**Records for the exercise:**
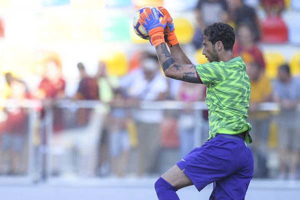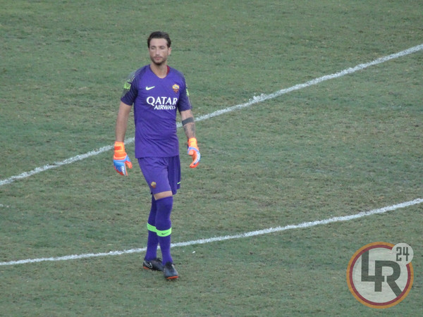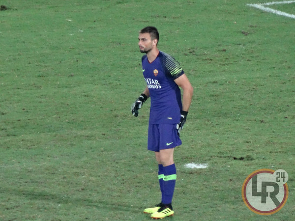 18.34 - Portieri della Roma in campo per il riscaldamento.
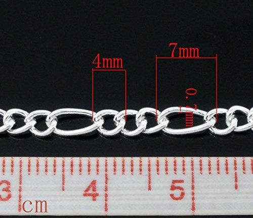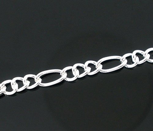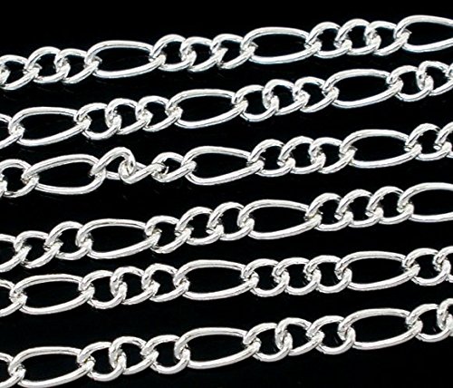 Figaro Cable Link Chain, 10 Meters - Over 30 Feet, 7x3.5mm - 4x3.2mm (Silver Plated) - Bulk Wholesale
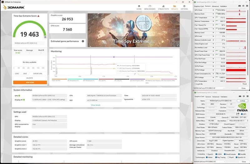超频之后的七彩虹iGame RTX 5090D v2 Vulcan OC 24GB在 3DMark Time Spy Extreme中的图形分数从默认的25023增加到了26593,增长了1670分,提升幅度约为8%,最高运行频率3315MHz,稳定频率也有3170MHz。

...

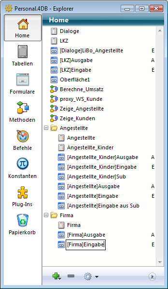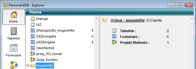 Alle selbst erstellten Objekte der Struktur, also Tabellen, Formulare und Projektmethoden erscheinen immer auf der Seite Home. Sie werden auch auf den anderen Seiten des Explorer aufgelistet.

...

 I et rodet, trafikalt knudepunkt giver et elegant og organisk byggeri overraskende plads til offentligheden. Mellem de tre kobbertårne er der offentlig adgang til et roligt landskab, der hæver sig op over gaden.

**Activity:** All lines above from the one containing "18.34 - Portieri" up to and including the one containing "超频之后的七彩虹iGame RTX 5090D" are to be set down exactly, and nothing else. Leave images out.

**Solved problem:**
 18.34 - Portieri della Roma in campo per il riscaldamento.
 Figaro Cable Link Chain, 10 Meters - Over 30 Feet, 7x3.5mm - 4x3.2mm (Silver Plated) - Bulk Wholesale
超频之后的七彩虹iGame RTX 5090D v2 Vulcan OC 24GB在 3DMark Time Spy Extreme中的图形分数从默认的25023增加到了26593,增长了1670分,提升幅度约为8%,最高运行频率3315MHz,稳定频率也有3170MHz。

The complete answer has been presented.